Quando eu terminei de escrever Torto Arado vi que ali não tinha se esgotado tudo que eu queria falar sobre essa relação de homens e mulheres com a terra. Eu me lembro que o livro saiu em Portugal primeiro, e quando nós estávamos em busca de uma editora no Brasil, no começo de 2019, eu escrevi um longo e-mail para o Leandro Sarmatz, que é editor da Todavia, anexando algumas publicações da imprensa portuguesa, e disse para ele que aquele romance era a primeira parte de um projeto maior. Agora, Salvar o fogo dá essa continuidade a essa trilogia que eu tinha pensado.
Faz parte do seu processo criativo selecionar uma biografia enquanto escreve. Quais livros você separou para escrever Salvar o fogo?
Eu preciso estar imerso na linguagem, uma coisa não se desassocia da outra. Escrever é ler e ler é escrever. Então, separei alguns livros de ficção e não ficção que eu já tinha lido, mas que revisitei no processo de escrita. Entre eles: As Lanças do Crepúsculo, do Philippe Descola; A Queda do Céu, do Bruce Albert e do Davi Kopenawa; e A inconstância da alma selvagem, do Eduardo Viveiros de Castro. Acho que esses três foram os que eu mais persegui com afinco. Outro livro que eu sempre volto é Grande Sertão: Veredas. Ah, e também tem uma autora americana pouco conhecida no Brasil, que me interessa muito esse olhar que ela tem pelos menos favorecidos. Ela tem uma tetralogia sobre uma comunidade nos Estados Unidos chamada Gilead, eu reli muito esses livros da Marilynne Robinson, eles são fundamentais. Ela escreve de uma maneira tão pungente, doce e humana ao mesmo tempo, e pra mim foi bom revisitar essas histórias, ela é uma fonte de inspiração.
E quais livros você está lendo atualmente?
Estou lendo um livro que ainda não foi publicado, Chuva e vento sobre Télumée Milagre, da Simone Schwarz-Bart, pois vou escrever o prefácio. Terminei agora de ler Padre Cícero, do Lira Neto. Não é muito recente, mas eu ainda não tinha lido. Uma biografia de um dos personagens mais fascinantes da história desse país, pelo humano que ele foi, um homem complexo, que fala desse lugar, que surge da terra, desse Brasil profundo, que carrega esse misticismo. Por lá passa a Coluna Prestes, o bando de Lampião, Vaticano, está tudo na biografia. É uma parte da história do Brasil. Uma história fascinante de um personagem fascinante.

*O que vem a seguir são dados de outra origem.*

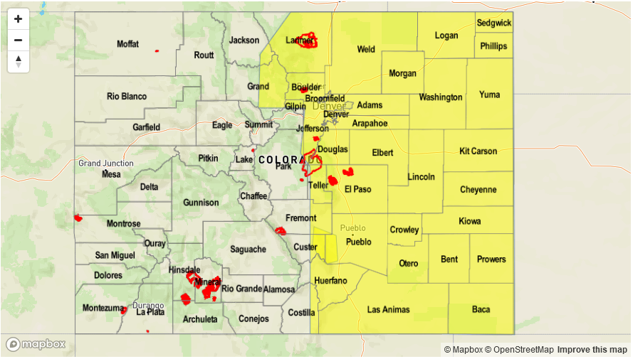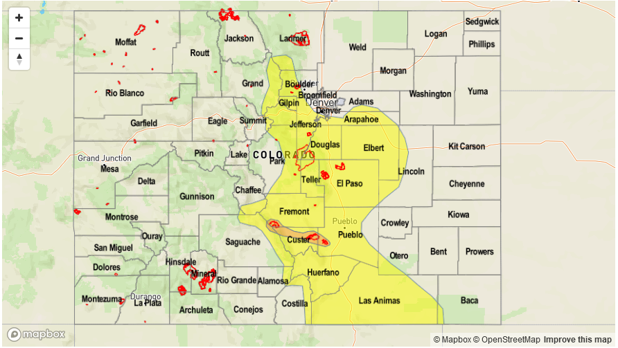 Sunny and then becoming partly cloudy with storms forming over the high country early this afternoon. Storms should be more widespread than yesterday with the main threat being gusty winds, small hail and lightning. A weak front will be positioned over the Northeast Plains near the NE border that may support some isolated severe storms later this afternoon. Max 1-hour rainfall rates of 0.75 inches are expected over the mountains. 1-hour rain rates over the Northeast Plains will be up to 1 inch. Flooding is not expected today.

Por fim, o que as pessoas podem esperar de Salvar o Fogo?
Eu acho que o leitor pode esperar uma história que a gente lê e conhece aquelas personagens. Talvez seja isso, que as pessoas encontrem ou reencontrem alguém que gostam muito. É uma história que fala de uma comunidade que vive às margens do Rio Paraguaçu, no recôncavo da Bahia, sob a sombra de um mosteiro católico do Século XVII. Então, a religiosidade perpassa a vida das personagens de uma maneira muito intensa e violenta. Luzia é uma mulher que lava as roupas desse mosteiro e, por conta das dificuldades, ela não tem apreço pela terra, tudo que sonha é poder migrar para a capital. Porém ela cria uma criança muito mais jovem, um irmão, e tem uma deficiência física – ela é corcunda. Lavar as roupas da igreja é uma maneira de livrá-la de algo que aconteceu há muito tempo, que é uma hostilidade que a comunidade tem contra ela. Algo aconteceu, que eu não vou contar, claro, o leitor vai descobrir à medida que ler, mas que marcou essa mulher como uma bruxa, como alguém indesejada numa comunidade cristã e católica. Existem histórias que nós lemos que é como se a gente reencontrasse personagens que fizeram parte da nossa vida, ou de histórias que a gente conhece, e é por isso que eu falei desse reencontro com elas.
Notas:
1.A HBO adquiriu os direitos de Torto Arado para produzir uma série e buscou parte do elenco na Chapada Diamantina, região da Bahia onde a história é ambientada. Inicialmente a produção será dirigida pelo cineasta Heitor Dhalia e contará com três temporadas, cada uma com seis episódios.
2.O cantor e compositor Rubel lançou no início de março a canção Torto Arado, inspirada no livro homônimo de Itamar Vieira Junior. A faixa tem participação das cantoras Luedji Luna e Liniker e faz parte do novo disco do compositor, “As Palavras Vol.1 & 2”, que já está disponível nas plataformas digitais.